American motorcycle speedway rider (1904-1957)

James Lloyd Elder, known as Sprouts Elder (4 August 1904 – 8 August 1957) was an international motorcycle speedway rider. Elder is considered the father of American broadsliding.

== Career ==
Elder initially wanted to become a jockey but by his late teens had grown to almost six feet tall, leading to his 'Sprouts' nickname. He got a job in a motorcycle shop and began racing, eventually taking up speedway. He initially learned to race racing on some of the last surviving board track racing circuits during the 1920s. In the late 1920s, Elder really began to make a name for himself by racing overseas.

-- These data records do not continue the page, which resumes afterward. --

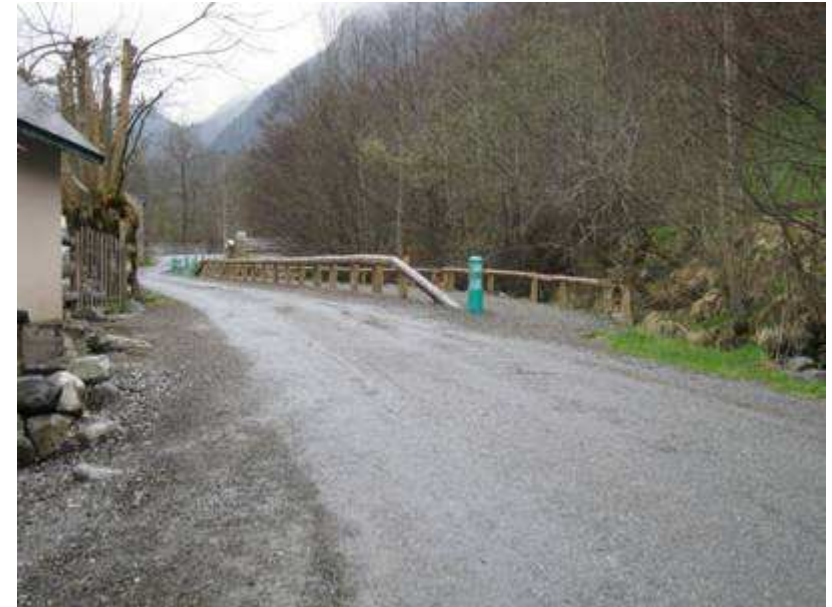
Vue vers l'amont depuis le même parking.
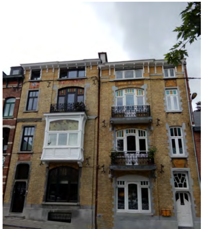
Superbes maisons, 31-33 place des Ecoles : « Les Marronniers » et « Les Papillons »
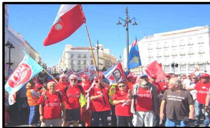
Manifestación Estatal en Madrid: 9 Octubre
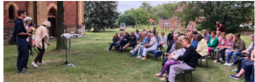
NABU-Auszeichnung in Wartenburg.
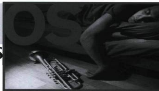
La solitude du cœur et du corps
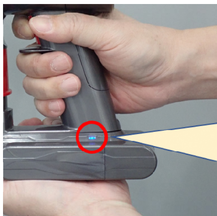
⑤バケツの上で、電池切れになるまで掃除機を運転

運転中、パイロットランプは「点灯」します。電池切れになると、パイロットランプが「点滅」状態になります。
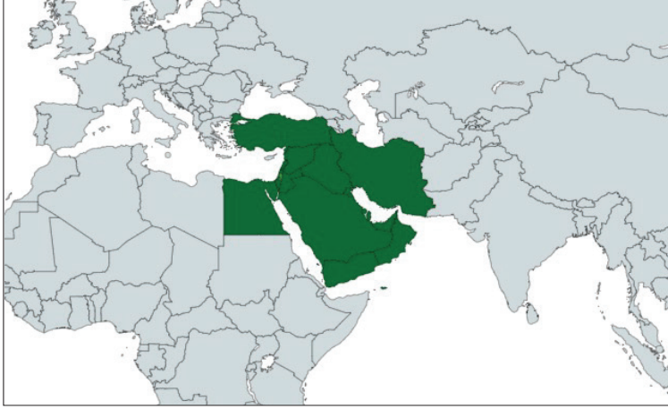
الخريطة (4): إقليم الشرق الأوسط
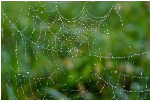
Εικόνα 4: Ένας ιστός αράχνης
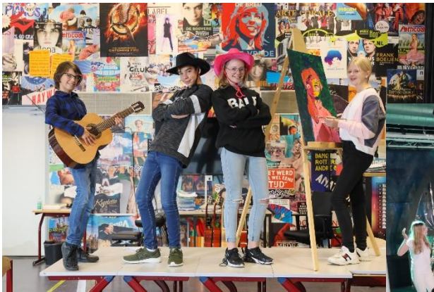
Art & Stage
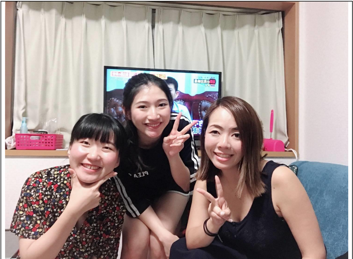
說明：和房東、室友最後的合照。(2018/08/26)
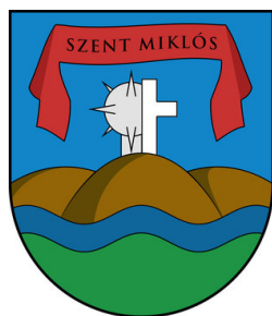
сл./ fig. 8

Мартин Лутер, во неговиот опис на овој „симбол на неговата теологија“ од 1530, дал посебен нагласок на значењето на боите (на пример, тој напишал дека розата – симбол на радост, спокој и мир – „треба да биде бела, а не црвена, бидејќи белата е бојата на духовите и ангелите“ (Кнааке 934, 445)). Сепак, во повеќето од анализираниите описи, бројот на боите е намален (што е разбир-ливо во хералдиката) до тој степен што во четири случаи (пр. Менде), Луте-ранската роза станала монохроматска. Во анализираниите грбови, крстот не е секогаш црн, туку понекогаш е бел (пр. Морицхида) или жолт (пр. Кашканку); позадината се појавува во суштина во секоја боја (во случајот со Вадосфа, каде Лутеровата роза формира круна, нема воопшто позадина), а розата може да биде жолта (Рабасентандраш). Само една третина од анализираниите описи се
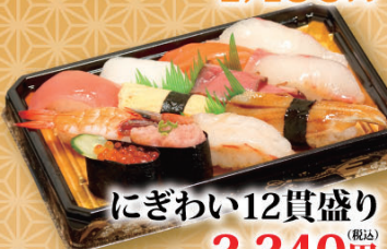
にぎわい12貫盛り (税込) 2,240円
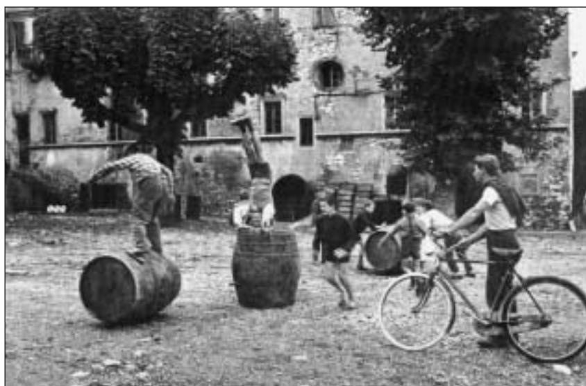
Giochi di ragazzi davanti al Cantinone (anni Sessanta)
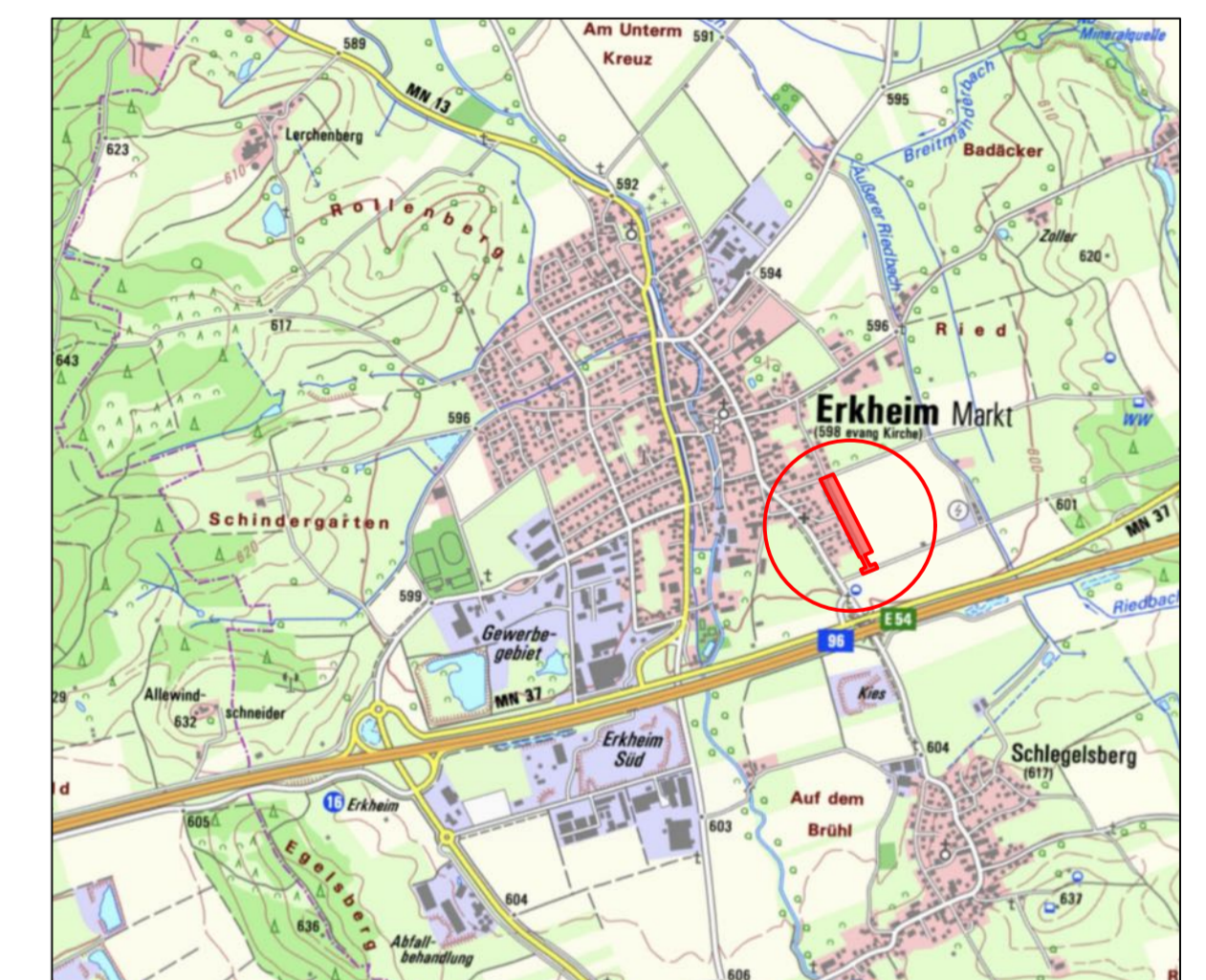
Übersichtslageplan ohne Maßstab

Planvorhaben: 13. Änderung des Flächennutzungsplans ENTWURFSFASSUNG vom 24.09.2024
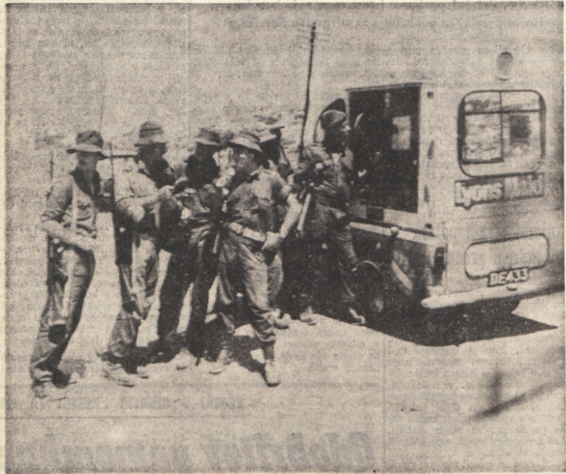
Britanski vojaki v sklopu mirovniških sil OZN bodo v prihodnjih dneh zasedli položaje med turško vojsko in ciprsko narodno gardo, da bi preprečili morebitne kršitve premirja. Zbor mirovniških sil OZN na otoku se bo v kratkem okrepil s približno 1.000 švedskimi in danskimi vojniki

RIM, 31. — Izvršni odbori časni-karske bolniške blagajne INPGI vsedravnega združenja italijanskega tiska in časniškega združenja so se danes sestali na skupni seji, na kateri so proučili pobude za za-ščito avtonomije bolniške blagajne italijanskih časnikarjev v zvezi z zakonskim odlokom o odpravi deficita bolniških blagajin in v pričakovanju zdravstvene reforme. Na seji so pozitivno ocenili dosedanje sporazume z ministrom za zdravstvo
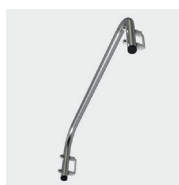
Rampe en option (ref : 02376450)
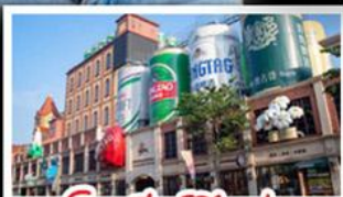
โรงแรมเป่ย์ชิ่งเต่า
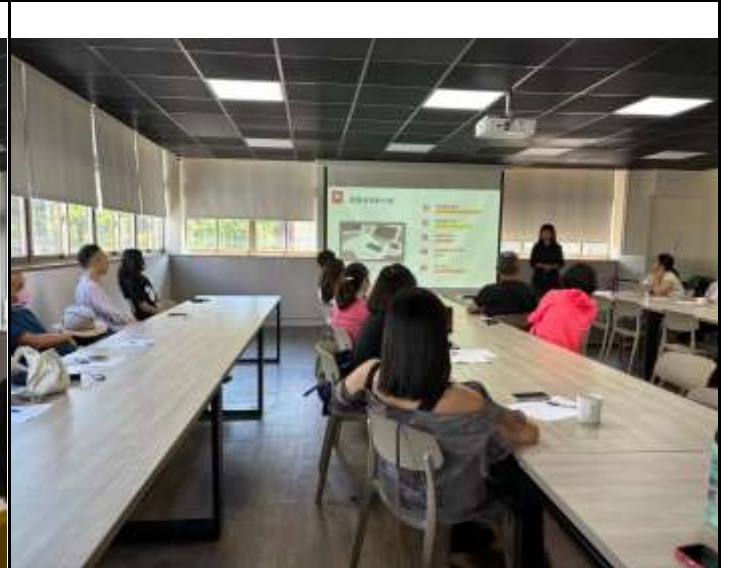
了解現在孩子與3C產品
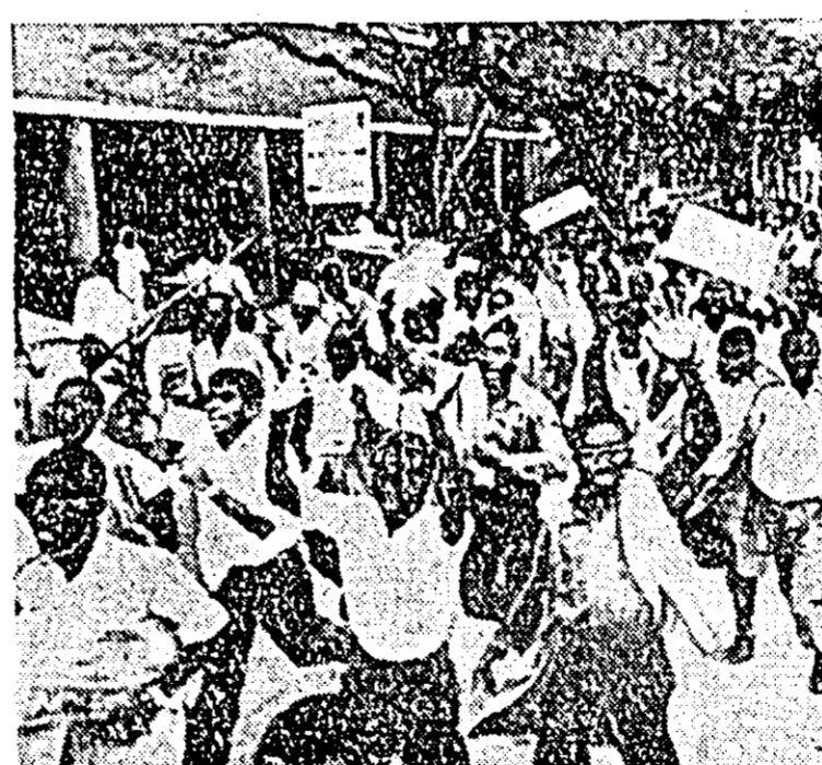
În Tanzania au loc mari demonstrații împotriva declarației unilaterale a independenței Rhodesiei de sud. ÎN FOTOGRAFIE: Aspect de la o demonstrație care a avut loc la Dar es Salaam.

În presa internațională se apreciază, în ultimul timp, că actuala orientare a RFG față de Marea Britanie este determinată de interesele sale militare. Sperînd să pătrundă în clubul nuclear al NATO, guvernul de la Bonn mizează acum într-o măsură și mai mare pe Anglia, considerînd că de ea depinde ca unul din cele două planuri vizînd crearea forțelor nucleare ale NATO să fie puse în practică.
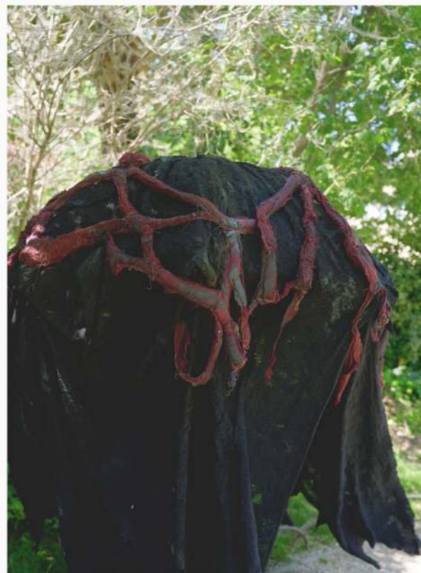
Les Patrouilles de Parapluies - Hantée.
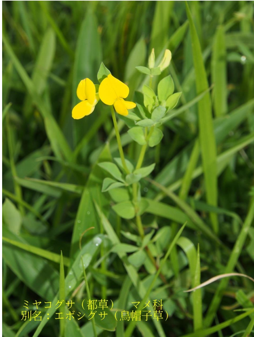
ミヤコグサ (都草) マメ科 別名: エボシグサ (烏帽子草)
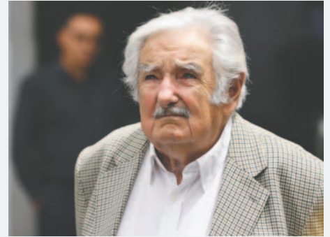
El expresidente uruguayo José Mujica
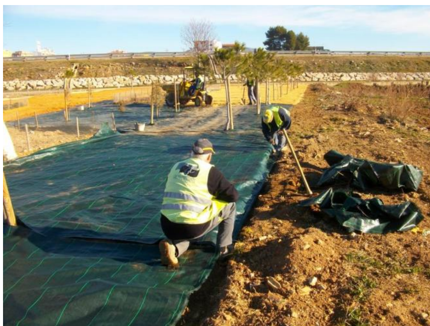
Construcción de zona estancial junto al río Magro, en T.M. De Utiel
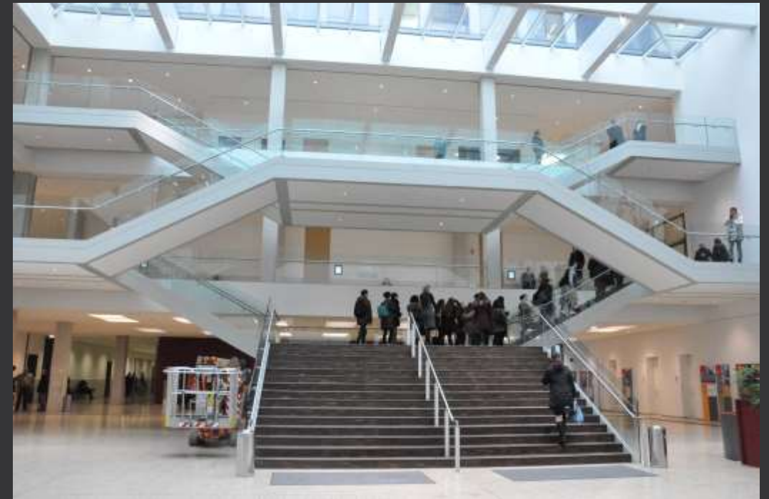
Cour d'Appel de Düsseldorf (Landesgericht)
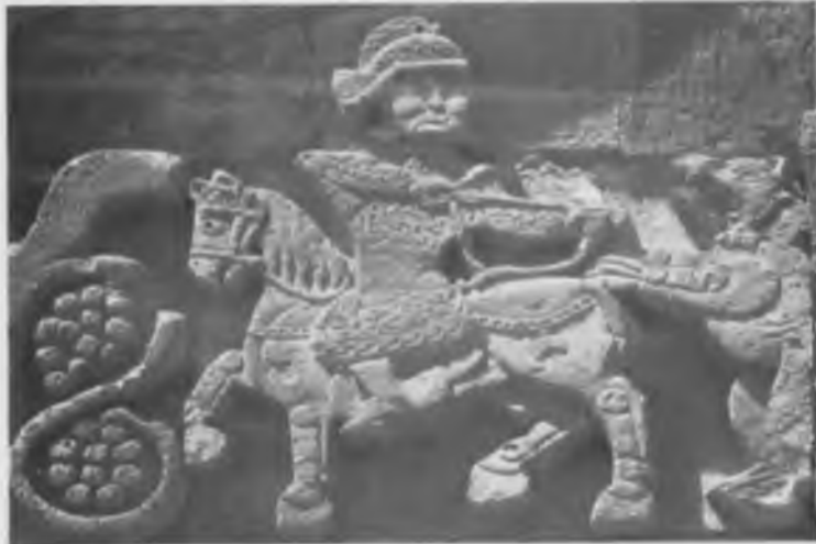
915-921 yıllarına tarihlenen Aktamar Kilisesi'nden bir friz: Asyalı bir step süvarisi yayıyla yaban kedisine ok atmaktadır.
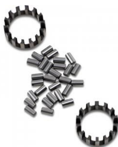
Kit Rolamento Roletes Direito Bloco Motor Virabrequim Harley Panhead Shovelhead 24650-58 A DS R$618,30
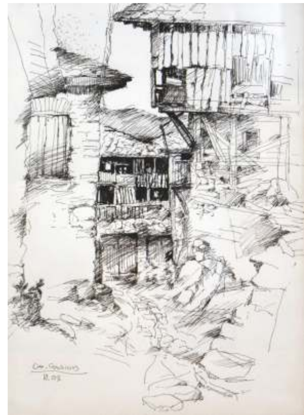
„От Ковачевица“ рисунка, перо и туш 50x35 см.
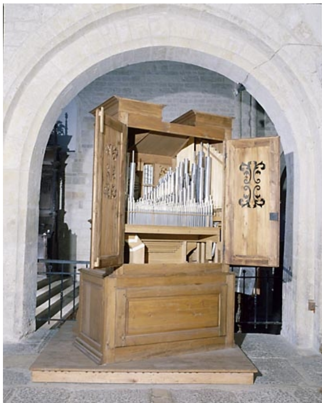
Vue du revers de l'instrument, vue générale de trois quarts gauche. 25, Montbenoît
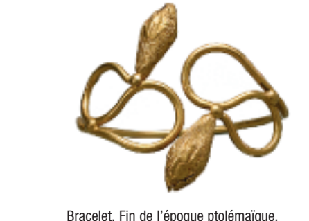
Bracelet. Fin de l'époque ptolémaïque.
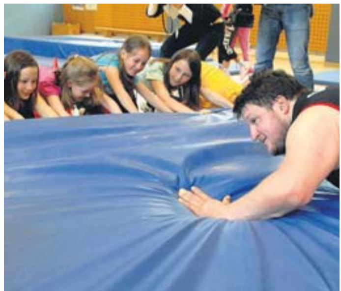
In der Gruppe stark: Zusammen wollen die Dritt- und Viertklässler den stärksten Mann der Welt beim Matten-Schieben bezwingen.
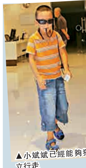
▲小斌斌已經能夠獨立行走
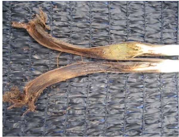
<작은뿌리파리 피해주 모습>
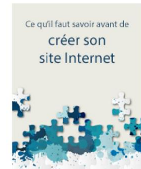
Créer son site Internet
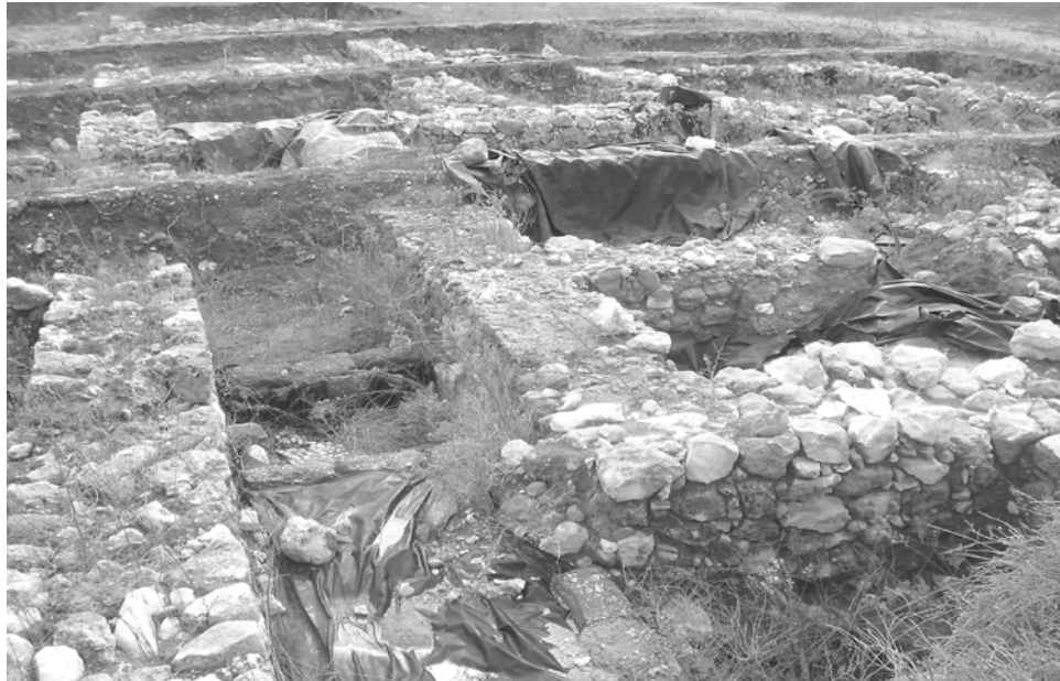
שרידי ארמון פיראם בירמות

חפירות נוספות בירמות חשפו מתקופה זו מכלול מבנים מרשים במיוחד: "המכלול מאופיין בתכנון אדריכלי מתוחכם. איכות הבניה יוצאת דופן בין מבני התקופה. מכלול זה היה מבנה ציבור מונומנטלי, כעין ארמון, ששימש למגורי השליט ולעיסוקים מנהליים". 137 החפירות הארכיאולוגיות הצליחו אם כן לחשוף את ארמונו של אחד ממלכי כנען שנלחם נגד יהושע: פיראם מלך ירמות.

Elder was also a pioneer of speedway racing in the USA. He was a champion rider at home and abroad during the 1920s and early 1930s and helped organize speedway racing on the east and west coasts of America, later becoming an AMA referee and a member of the competition committee. In 1925 Sprouts Elder became the inaugural AMA American Speedway Champion.

Elder was also a visitor to Australia, winning the Maroubra Golden Helmet four times in 1927, and once in 1928 on the concrete 1 mile Maroubra Speedway. In Australia Elder raced against top Australian as well as several top British and American riders who also spent the winter months racing in the Australian summer, mostly on the larger showground tracks of the day such as the Sydney Showground Speedway, Brisbane Exhibition Ground (Ekka), the Wayville Showground in Adelaide, and Perth's Claremont Speedway (as of 2014 only the Ekka and Wayville stand as they did in the late 1920s and early 1930s when Elder rode there). Elder also won titles in South America, including the first unofficial Speedway World Championship event at Buenos Aires, Argentina, while under contract to A.J. Hunting. He also won numerous Argentine Gold, Silver and Bronze Helmets in 1929, 1930 and 1930.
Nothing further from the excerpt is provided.